There's a lot of BS in this thread
It would definitely be great if Macs got a new, better PowerPC chip, but the Intel-bashing in this thread is ridiculous. A few points:
1) As someone else already pointed out, Intel's MHZ advantage isn't just a creation of marketing, it was a design decision. They purposely decided to make a chip that was not very efficient but upon which it would be easy to increase the clock speed, believing that was the right decision long run. Now, so far that hasn't been the right decision - the AMD beats the Intel in price to performance. BUT, the P4 is as fast as the AMDs - it's just more expensive too. And long run, it is possible that it will be the right decision. At the very least, it is silly to say that the P4 is a bad chip - it is a very, very fast chip, it is just overpriced.
2) It's total bull**** to say "I hate the MHz myth! PC users are so dumb" and then turn around and say "Macs will kick PC ass next year because they will have 64 bit chips." There is nothing automatically better about a 64 bit chip. I could build a ****ty 64 bit chip just like I could build a chip that runs at 10GHz but is still slow. It's not even clear why Macs would need a 64 bit chip. All current 64 bit chips are aimed at very high-end markets - data warehousing and massive data processing primary. Macs don't fit that market.
3) The New York Times article claiming that Itanium (linked by Hawthorne) was so blatantly wrong that it was painful to read it. The whole premise that because Google doesn't buy Itaniums means that the Itanium is a failure is total garbage. Anyone who knows anything about how Google works knows that the idea behind Google is that instead of having a few supercomputers, they have decided to buy thousands of very cheap PCs running Linux. Google found that this was much cheaper than buying a few expensive, powerful computers.
4) This, by the way, is why agreenster shouldn't get his hopes too high about future Macs taking over rendering farms for 3d graphics. Yes, SGI used to be the **** when it came to rendering farms. But nowadays more and more companies are going Google's route - buying lots of cheap PCs, and rolling their own Linux distro and software. It's possible that the XServe can make inroads into this market, but it will be tough because price/performance is the key metric. Macs are losing the price/performance war right now.

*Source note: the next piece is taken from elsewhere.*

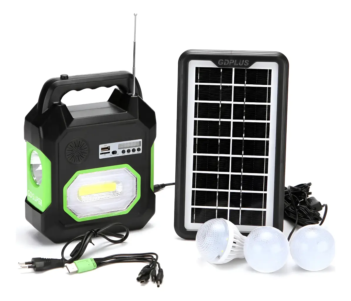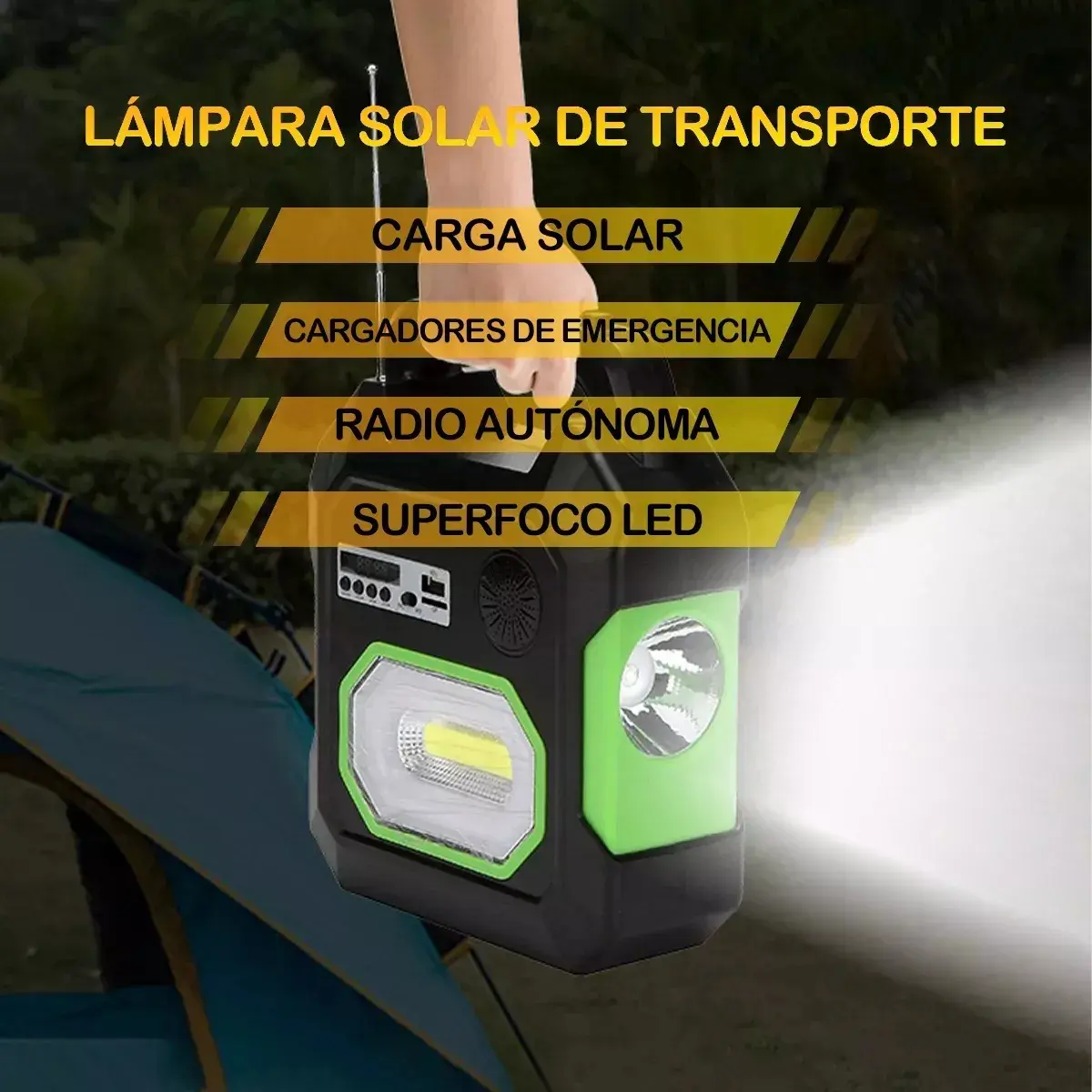 LÁMPARA DE MANO SOLAR MULTIUSOS: Esta lámpara de mano solar portátil tiene una linterna LED incorporada y 3 bombillas con interruptores independientes y cables USB para brindar iluminación con bajo consumo de energía. Equipado con salida DC/USB para cargar dispositivos de pequeña capacidad como teléfonos móviles, libros electrónicos, consolas de juegos, cámaras y MP4. La fuente de alimentación de respaldo de emergencia perfecta para el hogar, los viajes y el campamento. Lámpara portátil de mano de 4500 mAh con panel solar y batería de alta calidad que se puede ciclar más de 3000 veces. Esta linterna solar portátil cuenta con un panel solar de 5 W que puede alimentar luces LED y teléfonos móviles. Los sistemas de iluminación portátiles con paneles solares son ideales para uso doméstico y exterior. 2 métodos de carga: nuestro sistema de iluminación con paneles solares para exteriores ofrece 2 métodos de carga. Carga de panel solar de 5W y carga de CA. Con bombilla, fácil de transportar, diseño compacto y fácil de instalar. Salida a prueba de polvo, CC y USB, segura y confiable. Embalaje integrado, transporte conveniente.

5) The Itanium 1 was no good, but Intel made it clear that it was practically a "beta test" - for people who wanted to get a head start on learning to program and creating hardware around the Itanium. The Itanium 2 (McKinley) has been very well received, on the other hand - its SpecFP and SpecINT scores were very, very respectable. And this is just revision two. New chips take a while to gain entrance into the high-end market. For example, AMD has had a hard time getting corporations to buy their chips, just because they don't have the right "rep" in corporate circles. Well, the task is even tougher for a new high-end server chip, because no one's going to just replace their existing million dollar Power4 investment with Itaniums. So Itanium's weak showing so far doesn't mean that the Itanium is a failure. It just means that Intel needs to keep pushing the technology. But Intel has a lot of money, and PA-RISC and Alpha are being put out to pasture. It'll be Sparc, Opteron, Itanium and Power 4 competing for the 64 bit crown. If I were a betting man, I'd bet on Itanium winning this war long run - just because it's hard to bet against Intel's coffers. They have a lot more money than Sun and AMD, and while IBM has the money to push Power chips, it doesn't have quite the incentive as Intel does, since IBM can make money selling Itanium systems, whereas Intel can't make money selling Power systems.